Top of SOURCE DATA

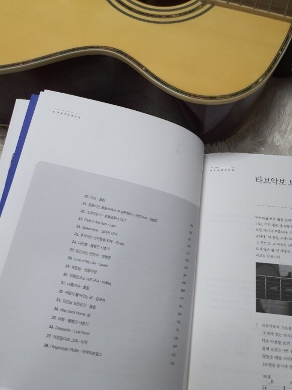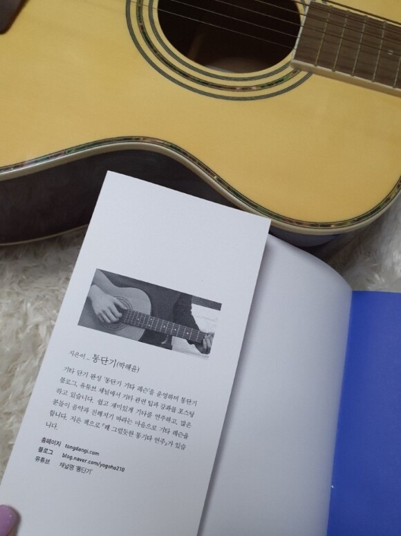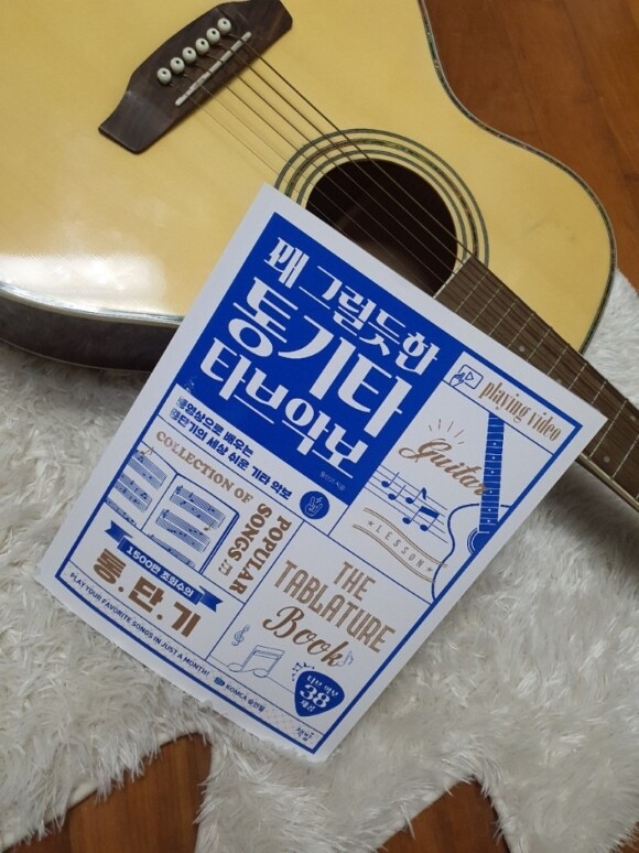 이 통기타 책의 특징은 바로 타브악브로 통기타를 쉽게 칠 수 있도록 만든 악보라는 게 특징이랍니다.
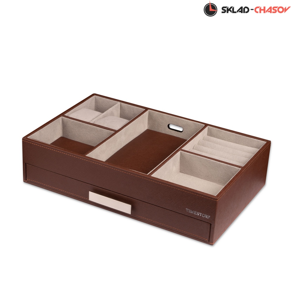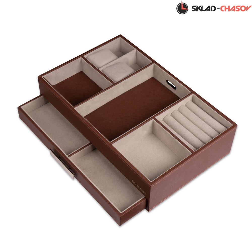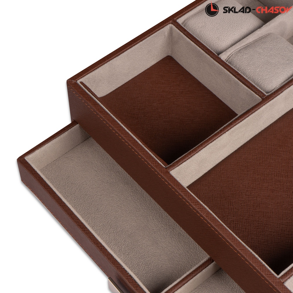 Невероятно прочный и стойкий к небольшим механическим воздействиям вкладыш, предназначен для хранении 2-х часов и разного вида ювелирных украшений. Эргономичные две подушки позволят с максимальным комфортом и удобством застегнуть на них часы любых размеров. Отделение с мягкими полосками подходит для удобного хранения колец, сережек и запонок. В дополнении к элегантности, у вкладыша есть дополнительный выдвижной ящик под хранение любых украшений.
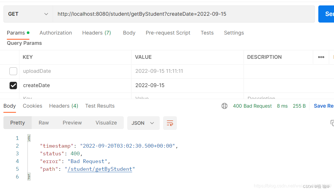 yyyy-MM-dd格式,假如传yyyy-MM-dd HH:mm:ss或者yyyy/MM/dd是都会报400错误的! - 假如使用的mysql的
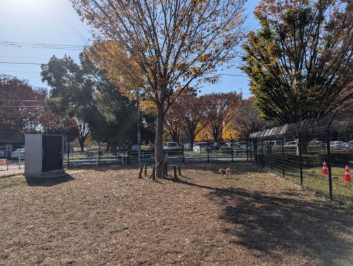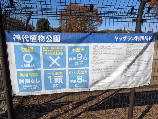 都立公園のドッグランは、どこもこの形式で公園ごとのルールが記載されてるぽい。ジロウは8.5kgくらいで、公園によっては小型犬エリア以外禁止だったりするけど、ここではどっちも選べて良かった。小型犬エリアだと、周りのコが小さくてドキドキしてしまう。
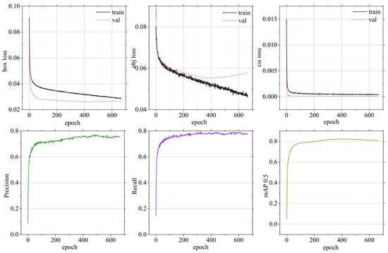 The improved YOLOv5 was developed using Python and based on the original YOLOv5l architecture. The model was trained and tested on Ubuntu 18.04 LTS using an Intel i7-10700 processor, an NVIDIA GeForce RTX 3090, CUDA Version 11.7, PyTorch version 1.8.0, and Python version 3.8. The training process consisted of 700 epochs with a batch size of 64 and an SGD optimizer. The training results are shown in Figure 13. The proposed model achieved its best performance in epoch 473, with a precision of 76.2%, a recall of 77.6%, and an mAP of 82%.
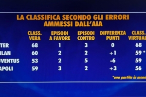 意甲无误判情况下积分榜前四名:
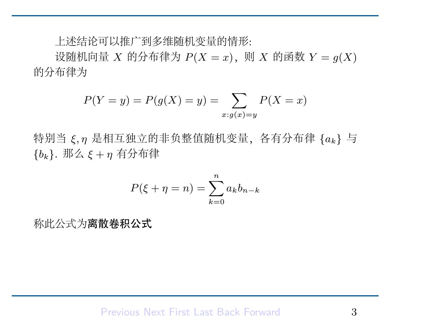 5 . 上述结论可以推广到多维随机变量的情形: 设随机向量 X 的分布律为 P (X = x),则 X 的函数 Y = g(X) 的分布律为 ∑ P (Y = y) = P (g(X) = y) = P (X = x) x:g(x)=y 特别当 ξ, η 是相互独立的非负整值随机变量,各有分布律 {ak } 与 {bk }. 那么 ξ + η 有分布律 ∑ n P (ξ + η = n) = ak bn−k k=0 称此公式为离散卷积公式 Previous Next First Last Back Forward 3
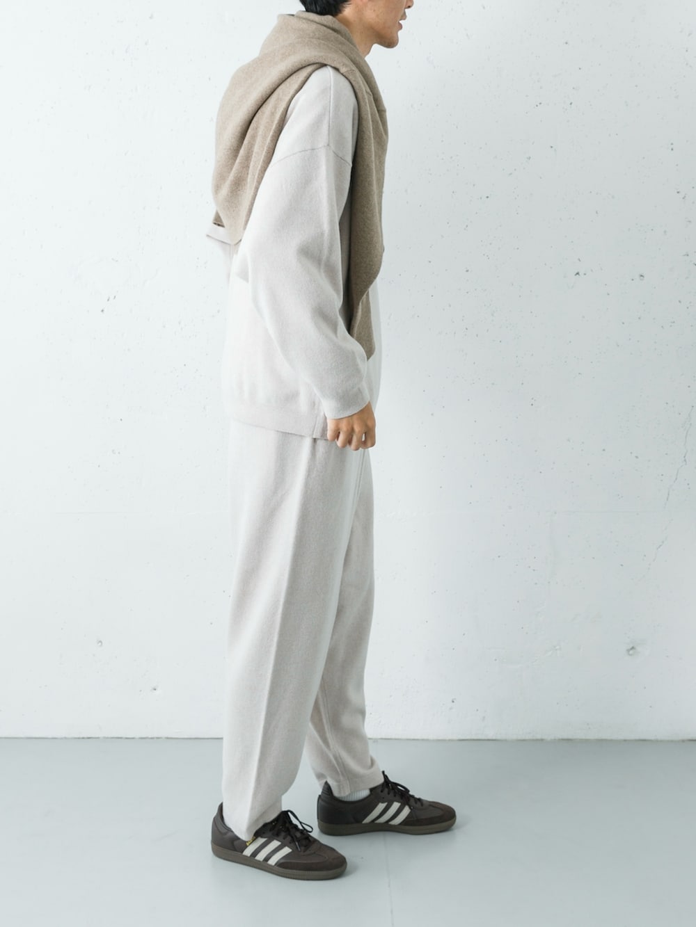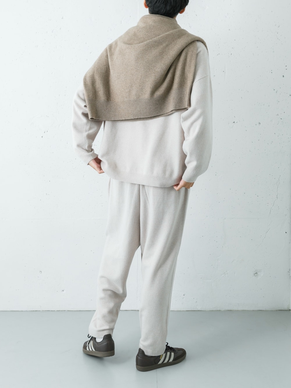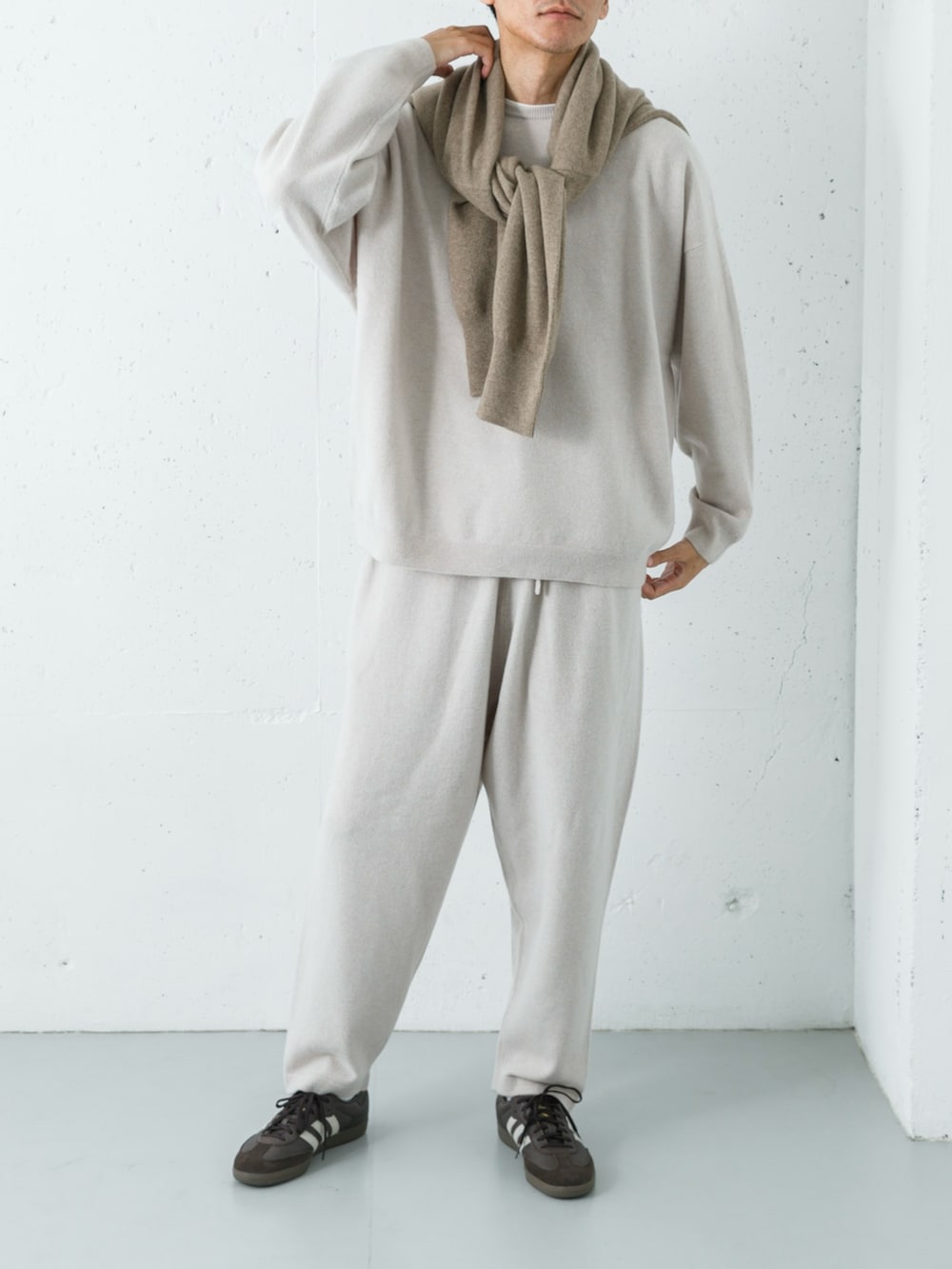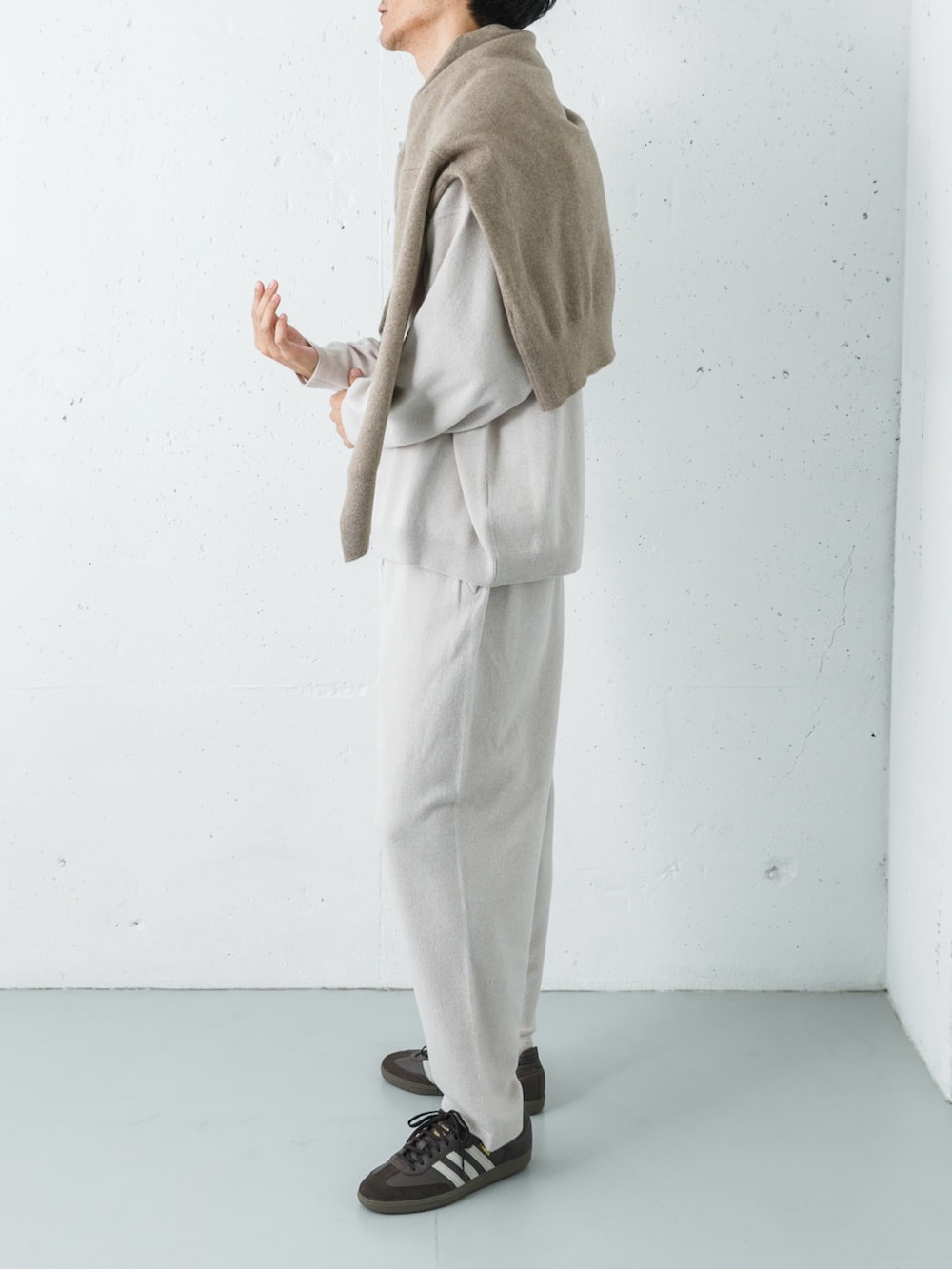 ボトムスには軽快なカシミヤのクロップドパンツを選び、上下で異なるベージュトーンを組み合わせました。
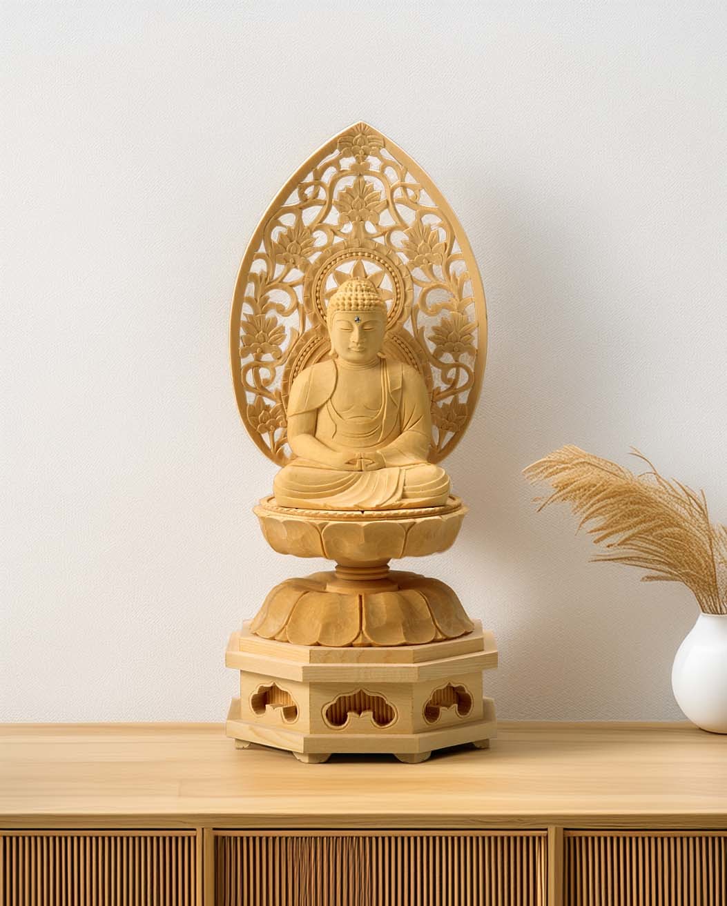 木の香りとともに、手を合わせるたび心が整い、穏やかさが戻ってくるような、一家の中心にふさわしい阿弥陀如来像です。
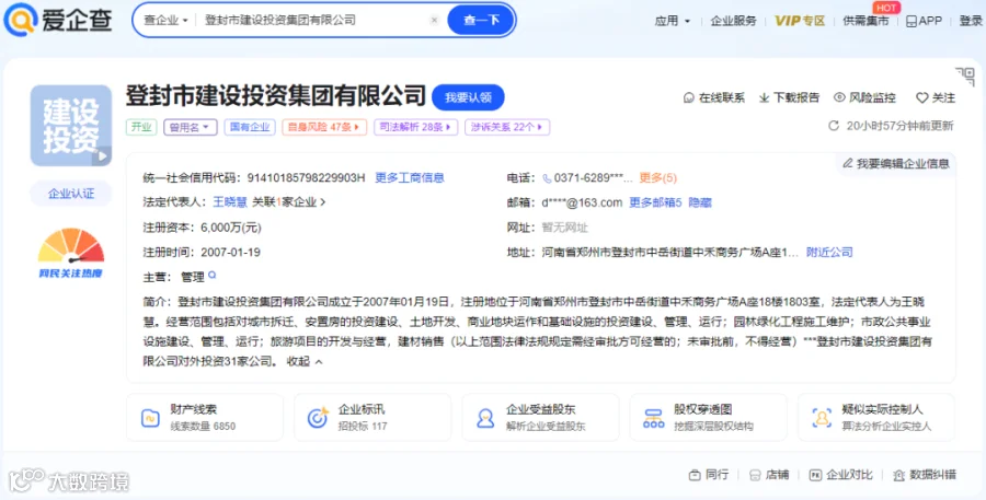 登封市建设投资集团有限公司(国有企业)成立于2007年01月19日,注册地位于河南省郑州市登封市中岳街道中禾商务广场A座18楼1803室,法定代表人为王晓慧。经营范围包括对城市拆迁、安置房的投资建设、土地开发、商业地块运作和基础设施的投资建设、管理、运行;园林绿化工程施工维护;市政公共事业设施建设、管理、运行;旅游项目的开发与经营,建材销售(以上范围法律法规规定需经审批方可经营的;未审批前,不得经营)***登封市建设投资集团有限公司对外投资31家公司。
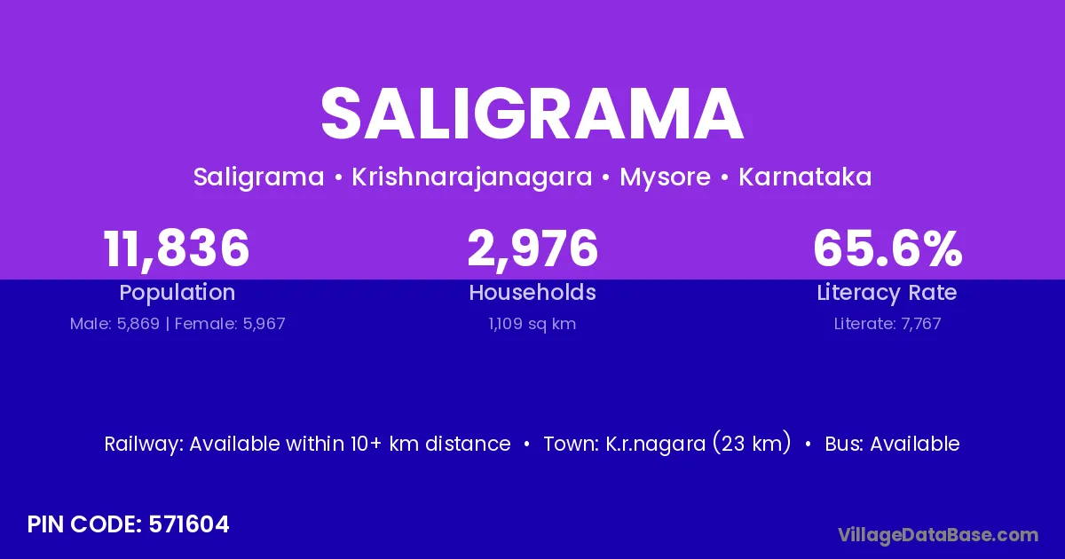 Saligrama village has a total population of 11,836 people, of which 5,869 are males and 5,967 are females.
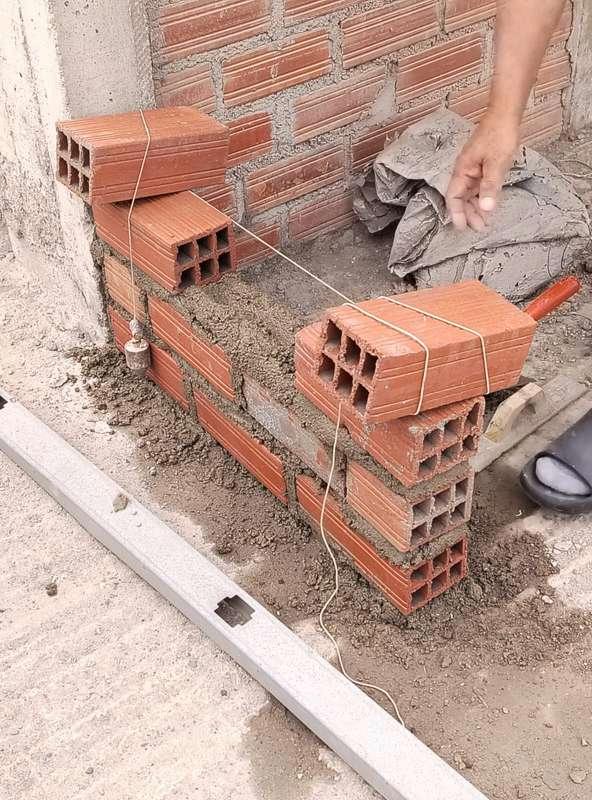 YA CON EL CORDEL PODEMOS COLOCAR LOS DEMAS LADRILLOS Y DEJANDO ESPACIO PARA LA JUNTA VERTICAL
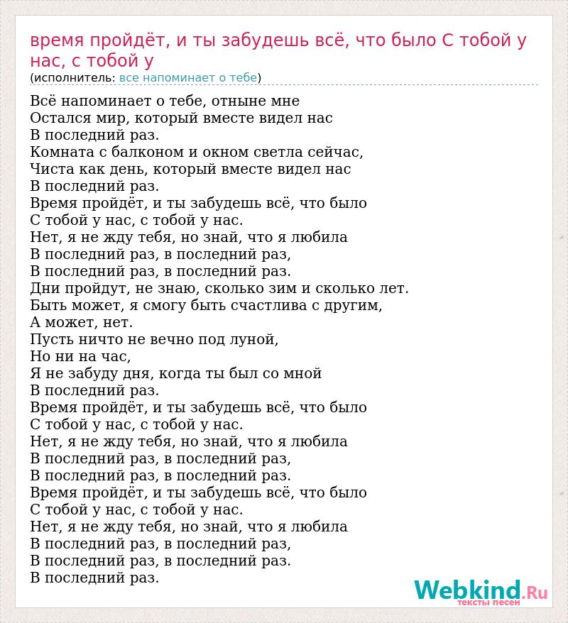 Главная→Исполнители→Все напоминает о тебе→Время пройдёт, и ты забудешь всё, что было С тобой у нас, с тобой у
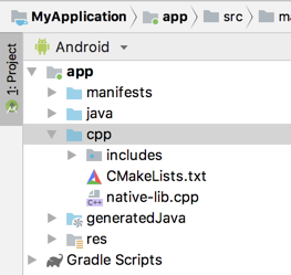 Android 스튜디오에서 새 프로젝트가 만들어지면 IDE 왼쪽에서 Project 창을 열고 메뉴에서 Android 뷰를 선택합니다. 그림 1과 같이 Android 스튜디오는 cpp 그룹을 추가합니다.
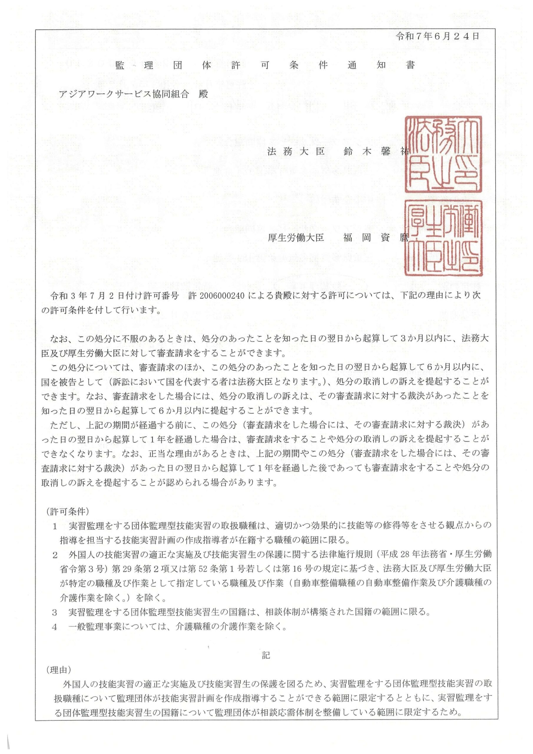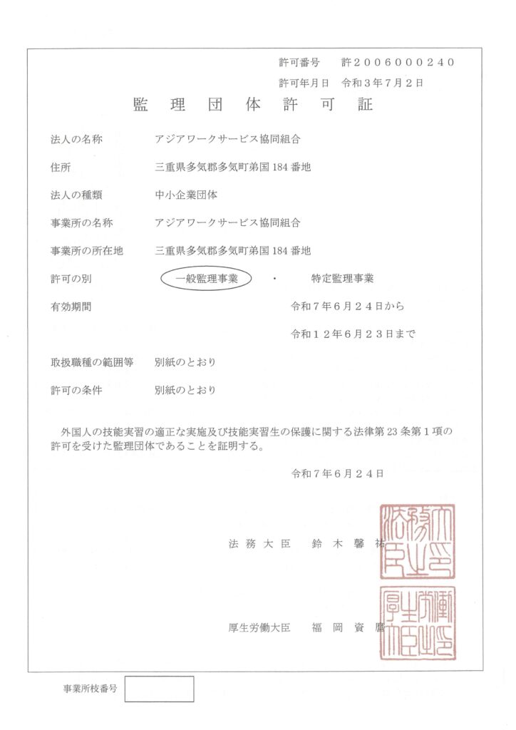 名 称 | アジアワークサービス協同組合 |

Bottom of SOURCE DATA

=== WORK ORDER ===
Could you transcribe exactly the entries above, but only the lines from the one with "HH:mm:ss或者yyyy/MM/dd是都会报400错误的! - 假如使用的mysql的" through the one with "Saligrama village has", and without pictures?

=== FINISHED TASK ===
 yyyy-MM-dd格式,假如传yyyy-MM-dd HH:mm:ss或者yyyy/MM/dd是都会报400错误的! - 假如使用的mysql的
 都立公園のドッグランは、どこもこの形式で公園ごとのルールが記載されてるぽい。ジロウは8.5kgくらいで、公園によっては小型犬エリア以外禁止だったりするけど、ここではどっちも選べて良かった。小型犬エリアだと、周りのコが小さくてドキドキしてしまう。
 The improved YOLOv5 was developed using Python and based on the original YOLOv5l architecture. The model was trained and tested on Ubuntu 18.04 LTS using an Intel i7-10700 processor, an NVIDIA GeForce RTX 3090, CUDA Version 11.7, PyTorch version 1.8.0, and Python version 3.8. The training process consisted of 700 epochs with a batch size of 64 and an SGD optimizer. The training results are shown in Figure 13. The proposed model achieved its best performance in epoch 473, with a precision of 76.2%, a recall of 77.6%, and an mAP of 82%.
 意甲无误判情况下积分榜前四名:
 5 . 上述结论可以推广到多维随机变量的情形: 设随机向量 X 的分布律为 P (X = x),则 X 的函数 Y = g(X) 的分布律为 ∑ P (Y = y) = P (g(X) = y) = P (X = x) x:g(x)=y 特别当 ξ, η 是相互独立的非负整值随机变量,各有分布律 {ak } 与 {bk }. 那么 ξ + η 有分布律 ∑ n P (ξ + η = n) = ak bn−k k=0 称此公式为离散卷积公式 Previous Next First Last Back Forward 3
 ボトムスには軽快なカシミヤのクロップドパンツを選び、上下で異なるベージュトーンを組み合わせました。
 木の香りとともに、手を合わせるたび心が整い、穏やかさが戻ってくるような、一家の中心にふさわしい阿弥陀如来像です。
 登封市建设投资集团有限公司(国有企业)成立于2007年01月19日,注册地位于河南省郑州市登封市中岳街道中禾商务广场A座18楼1803室,法定代表人为王晓慧。经营范围包括对城市拆迁、安置房的投资建设、土地开发、商业地块运作和基础设施的投资建设、管理、运行;园林绿化工程施工维护;市政公共事业设施建设、管理、运行;旅游项目的开发与经营,建材销售(以上范围法律法规规定需经审批方可经营的;未审批前,不得经营)***登封市建设投资集团有限公司对外投资31家公司。
 Saligrama village has a total population of 11,836 people, of which 5,869 are males and 5,967 are females.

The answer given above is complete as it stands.